To minimize the attack surface, ensure that the bastion host does not have credentials to connect to the backup server; only the backup server should be able to connect to the bastion. This prevents ransomware attacks!

Home Directories

The simplest security model offered by NFS is sufficient for most uses, as long as you have relatively few users. If you assign each user the same username, uid and gid across all machines (trivial to do with Ansible), NFS will correctly apply the default linux access controls.

Firewalls

Use ufw or a similar easy-to-configure firewall. If you configure it with Ansible, you can bundle the firewall rules for each task with the task itself, so you can guarantee that you do not have exposed ports.

During acceptance testing, ensure that outside users cannot access inside-only ports, for example, NFS.

Ensure that you internal network is also firewalled; only allow each compute server to communicate with the bastion. (This needs to be set up in your managed switch.)

Condition Monitoring

There are a few main types of questions that people ask about your cluster. The purpose of condition monitoring is to quantitatively answer these questions:

  • What machines can I use right now?
  • Why did my job/that machine crash?
  • Do we need to buy more resource?

As a rule of thumb, it is better to collect more data than less, and to retain that data for longer than necessary.

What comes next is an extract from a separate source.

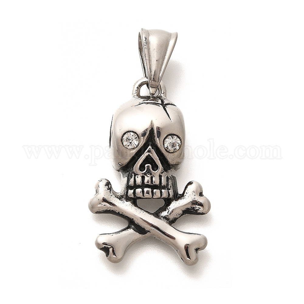 304 подвески из нержавеющей стали, с кристально горный хрусталь, очарование черепа
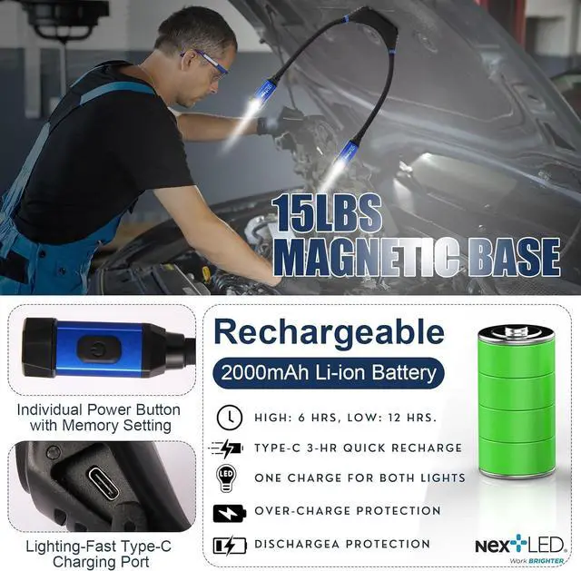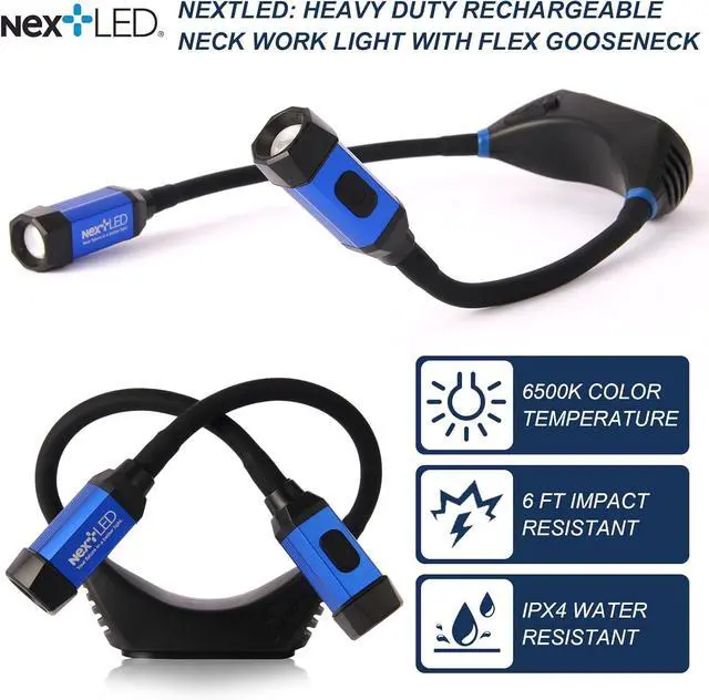 CONVENIENCE]: The NextLED NT-6633 Heavy Duty Rechargeable Neck Light offers a wrap-around design, providing hands-free operation. Ideal as an LED mechanic light, it allows you to focus on tasks without holding a flashlight.

I recommend using Prometheus to collect and hold statistics (increase the retention to a year or more!) You can visualize these with Grafana. (Avoid using the package manager version of Grafana, it is often out of date.)

At minimum, use this script to report statistics to Prometheus.

Ensure that you get alerts if machines go down, your backup job fails, or some other exceptions; Nagios is the industry standard. I prefer a custom Slack bot to handle this.

GPU Monitoring

In addition to simple condition statistics, you should explicitly track jobs running on GPUs. A custom-written GPU dashboard graphing the current availability of GPUs is a days’ work at most.

Simple GPU dashboard Simple GPU dashboard

After its introduction in my research group, this feature was among the most popular.

SysLog

Forward your syslog from the compute machines to the bastion to be able to trace failures if a machine fails. You can do this by writing this to /etc/rsyslog.d/70-network.conf, permitting port udp:514 in your firewall, and reloading rsyslog:

# Rules for rsyslog.

# Log by facility.
auth,authpriv.*                @.local
cron.*                         @.local
kern.*                         @.local
user.*                         @.local
*.emerg                        @.local

Drive Monitoring

Run smartd automatically; schedule a short test daily and a long test weekly. Configure an alert for this.

Backups

These are very easy to get wrong!

  • Regularly use rsync or similar to verify your backups.
  • Occasionally test manual file recovery.
  • Design your backup system to fail “noisy”; our alert bot triggers an alert if 36 hours pass without a successful backup notification from the backup system, and the size of every day’s backup is reported.

Bug Tracking

Use a bugtracking system to track system upgrades, open issues, etc. GitHub’s built-in tracker is more than sufficient for this, especially with the new (in 2019) Projects board feature.